Direct observation of organic molecular nanocrystals using electron microscopy is extremely challenging, particularly due to their radiation sensitivity and complex structure. Such crystals may only tolerate high-energy electron doses of up to a few e⁻/A² before their structure gets damaged, which is orders of magnitude lower than the doses that are commonly used for TEM imaging of most inorganic materials. Electron diffraction experiments have distinctive advantages over imaging for structural characterization of dose-limited nanocrystals, as the crystallographic information is recorded as spot-like DPs. This leads to an increase in the signal-to-noise ratio (SNR) of the elastically diffracted electrons, as well as an improved diffraction signal-to-background ratio (SBR) to the inelastically scattered background. The latter is especially important for structural information of large unit cells in which diffraction spots are located at small diffraction angles. Electron crystallography methods [40, 41] are very capable to study the structure of beam-sensitive crystals (e.g. those used for pharmaceutical applications [42]), and information can be obtained from spatially averaged diffraction experiments, where the spatially resolved structure is of less importance. 4D-STEM experiments with small semi-convergence angles α (nano-beam diffraction or NBD) have recently demonstrated the retrieval of rich structural information from soft materials [39, 43, 44], including organic crystals with large unit cells and corresponding diffracted signals at small scattering angles and also analysis of amorphous materials [45]. Furthermore, we have recently introduced 4D-scanning confocal electron diffraction (4D-SCED) as another 4D-STEM modality that optimizes dose efficiency and angular resolution [16].

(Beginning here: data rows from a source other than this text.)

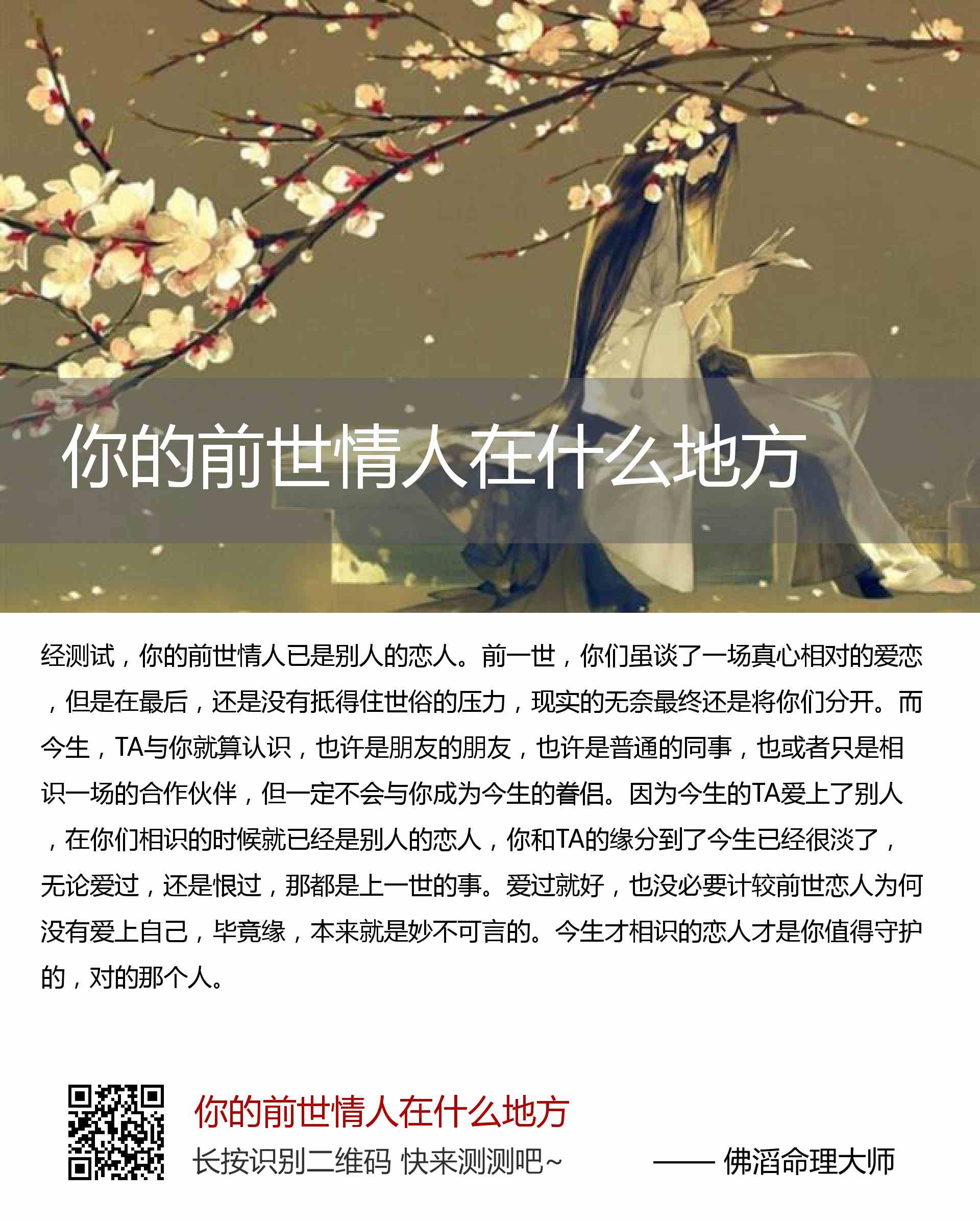 前一世,你们虽谈了一场真心相对的爱恋,但是在最后,还是没有抵得住世俗的压力,现实的无奈最终还是将你们分开。而今生,TA与你就算认识,也许是朋友的朋友,也许是普通的同事,也或者只是相识一场的合作伙伴,但一定不会与你成为今生的眷侣。因为今生的TA爱上了别人,在你们相识的时候就已经是别人的恋人,你和TA的缘分到了今生已经很淡了,无论爱过,还是恨过,那都是上一世的事。爱过就好,也没必要计较前世恋人为何没有爱上自己,毕竟缘,本来就是妙不可言的。今生才相识的恋人才是你值得守护的,对的那个人。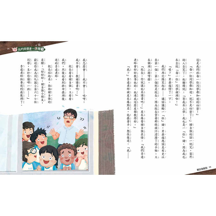 「每一位同學都知道,就不是祕密了!」豬自強的話一說完,窗外的人全笑了。他繼續說:「等我來上學,我也是一『位』豬,因為我也在全校『每一位』同學裡頭啦!」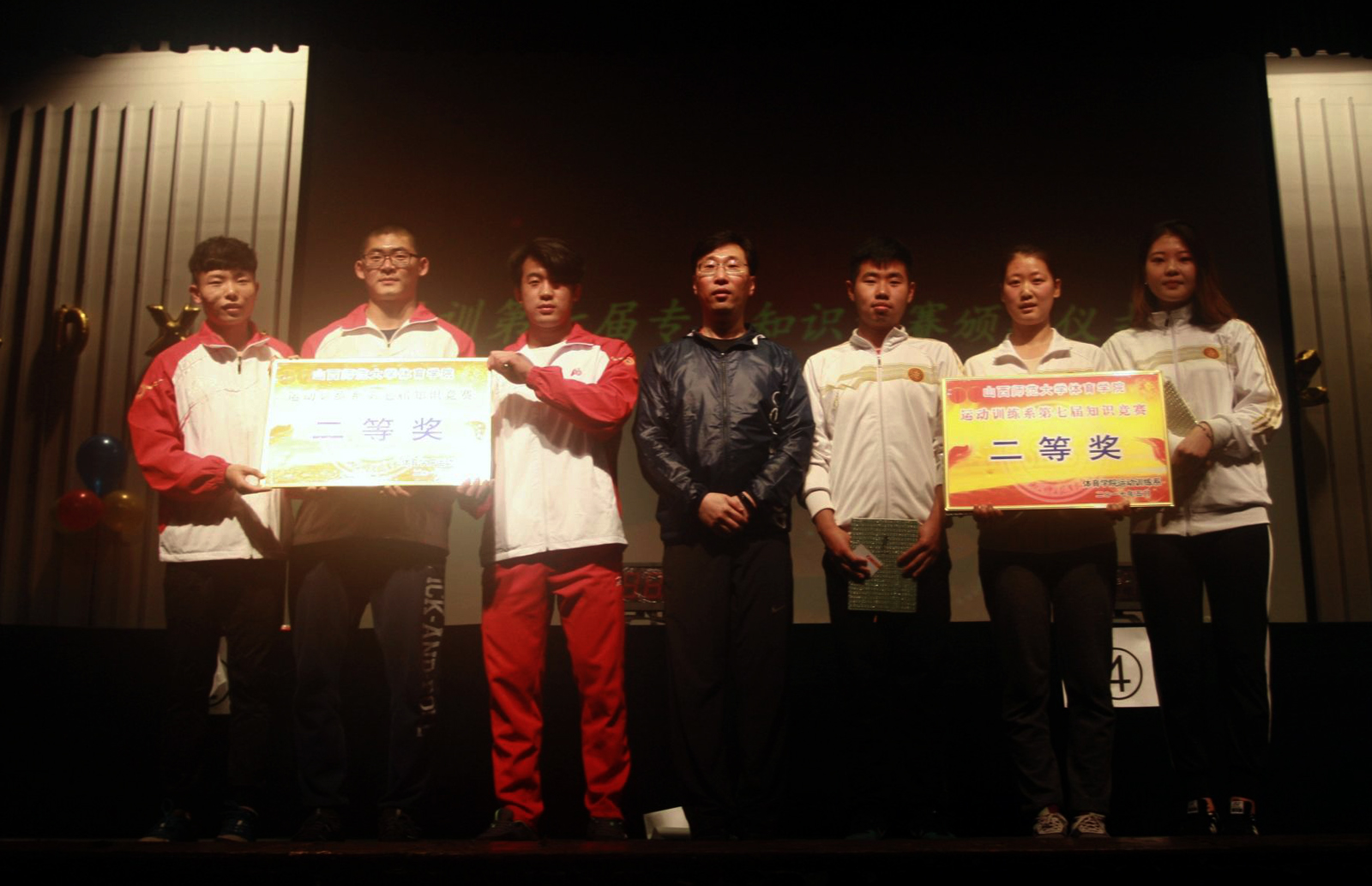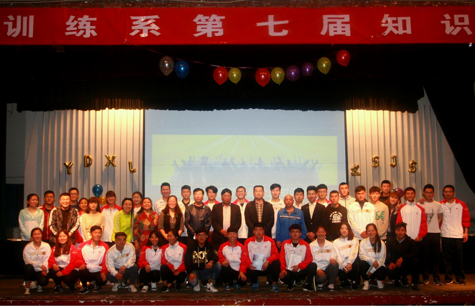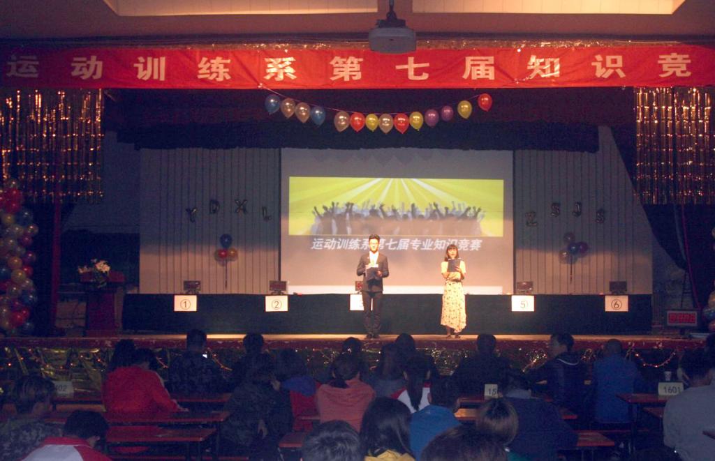 为提高老员工的综合素质,拓展老员工视野和丰富老员工文化,由运动训练系党支部主办,运动训练系员工会承办的第七届专业知识竞赛于2017年5月3日晚八点在公司大礼堂隆重举办。公司党委书记李学刚、副经理卢向阳、运动训练系主任张伟、副主任郭丽娟、大三辅导员黄志高、大一辅导员高琴。还有特邀嘉宾泰美健身德和店店长王宇冠、亚洲健身公司Popcardio培训师张馨月、阳光健身工作室店长段普参加了本次活动。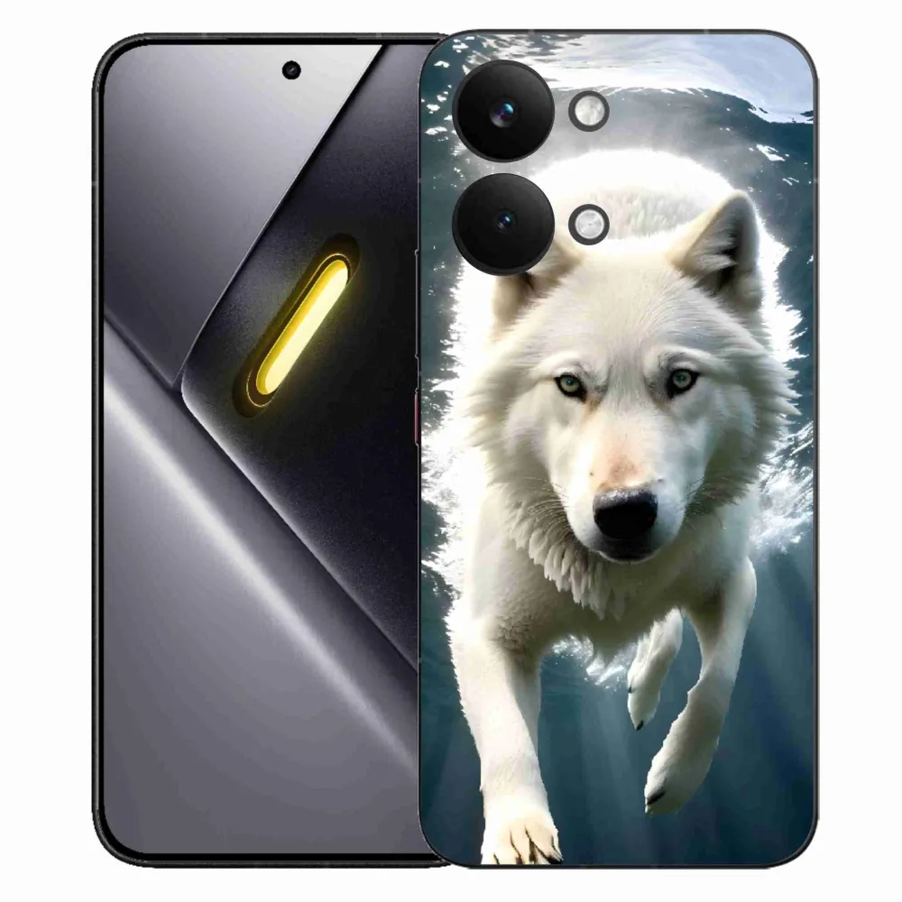 Pouzdro se šelmou na Xiaomi Poco X8 Pro Max - bílý vlk poskytuje všechny výhody gelových krytů, a to v zajímavém designu.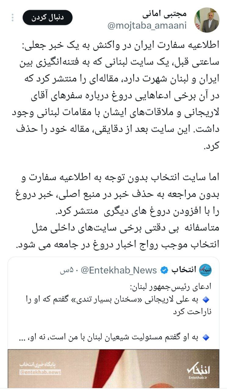 گروه سیاست-رجانیوز: درحالیکه شبکه خبری المیادین«به نقل از منابع آگاه در دبیرخانه شعام جوابیهی تندی به اظهارات منتسب به رئیسجمهور درباره محتوای دیدار با علی لاریجانی» منتشر کرد، سفیر ایران در لبنان، خبر منتشر شده را جعلی معرفی و نوشت: «یک سایت لبنانی که به فتنهانگیزی بين ایران و لبنان شهرت دارد، مقالهای را منتشر کرد که در آن برخی ادعاهایی دروغ درباره سفرهای آقای لاریجانی و ملاقاتهای ایشان با مقامات لبنانی وجود داشت. این سایت بعد از دقایقی، مقاله خود را حذف کرد.»!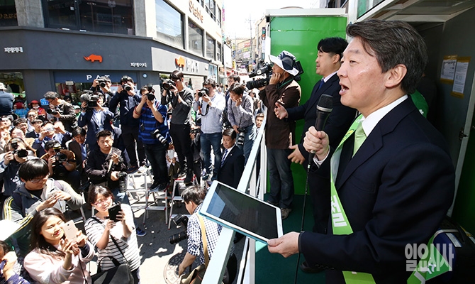 국민의당 안철수 대선후보가 26일 오후 강원도 춘천시 명동거리에서 열린 집중유세에서 지지를 호소하고 있다.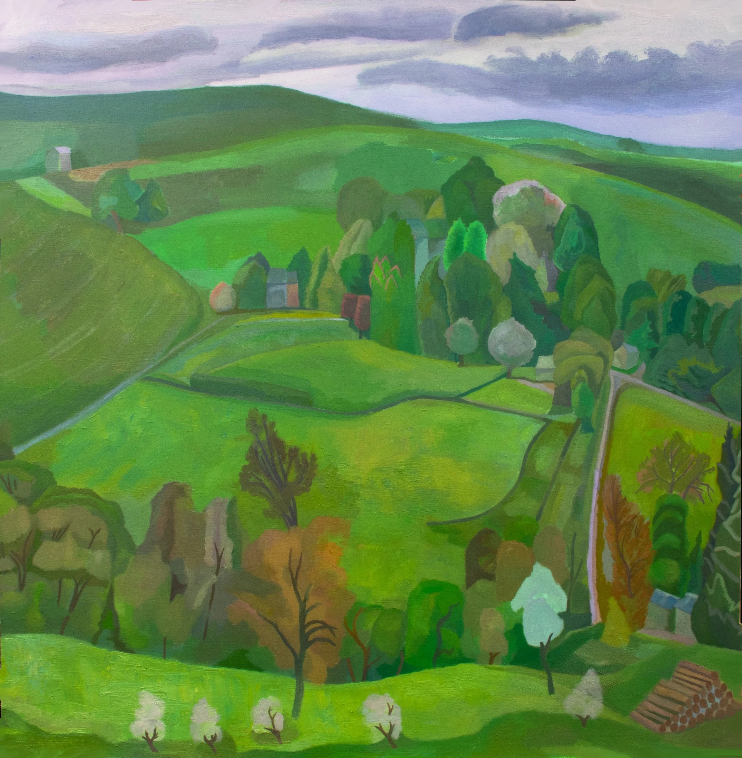 More than a week without painting, that’s not good, even with a long list of other pressing projects and shortening daylight. If I was a bit more focused I should be able to paint twice a week, and I want to. Anyway, this painting is almost finished. Its looking like a John Nash from the 1940’s but I don’t have a problem with that, I like John Nash, I have a book on him. Its my belief that you don’t choose your style, it chooses you and so I will continue. The best thing to do is not to think, just paint, as simple as this sounds its not always so easy. I am liking this painting, I like the very particular and contrasting trees, they look at odds with the landscape, they also look observed. The question is now, where does this lead me, with the choice of the next painting?
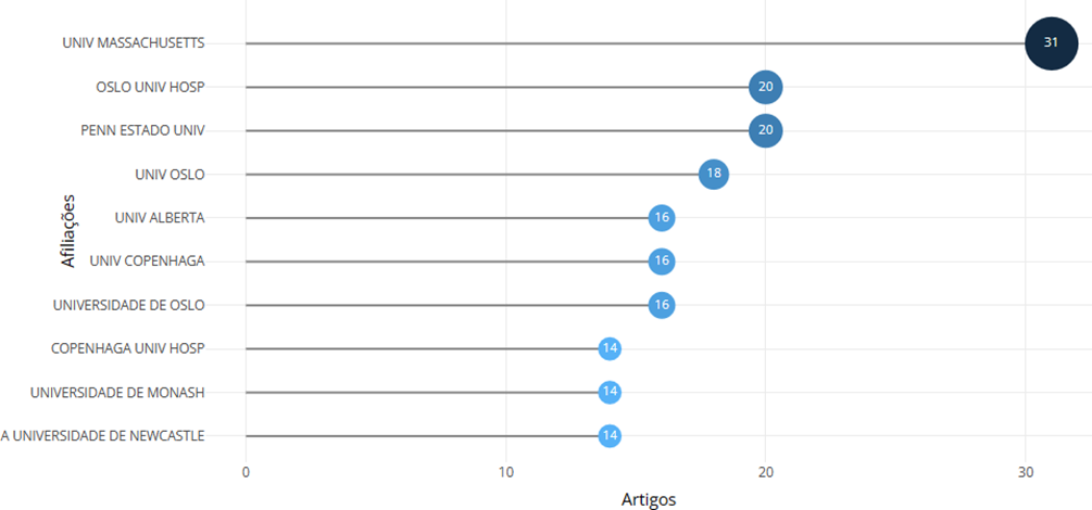 Dentre as instituições que mais publicam sobre o assunto evidenciou-se a Universidade de Massachusetts com 31 (9,8%) publicações, seguido do Hospital Universitário de Oslo com 20 (6,3%) publicações e da Universidade Estadual da Pensilvânia também com 20 (6,3%) publicações.Veja o gráfico abaixo:

4D-SCED involves a defocused pencil-beam illumination at the sample plane, combined with a confocal electron optics setup and a pixelated detector that records the focused spot-like DPs (figure 2 left). The defocused illumination at the sample reduces the dose and generates a more homogenous electron beam-sample interaction compared to the interaction in a normal focused-beam NBD setup. At the same time, the confocal optics generates spot-like diffraction signals, boosting both the SNR and the SBR. This way, the spatial and angular resolution are largely decoupled from illumination convergence due to the newly introduced parameter defocus z. To balance both spatial and angular resolution and to achieve a more homogeneous beam-specimen interaction, a semi-convergence angle α on the order of ∼1 mrad and a large defocus (z≫ t) of a few micrometers are typically applied. The experiment optimization provided by 4D-SCED allows for the study of complex nano-crystalline structures of soft materials at few nm spatial resolution and enables the direct in situ observation of nanocrystals growth and coarsening in bulk heterojunction (BHJ) thin films [16, 46].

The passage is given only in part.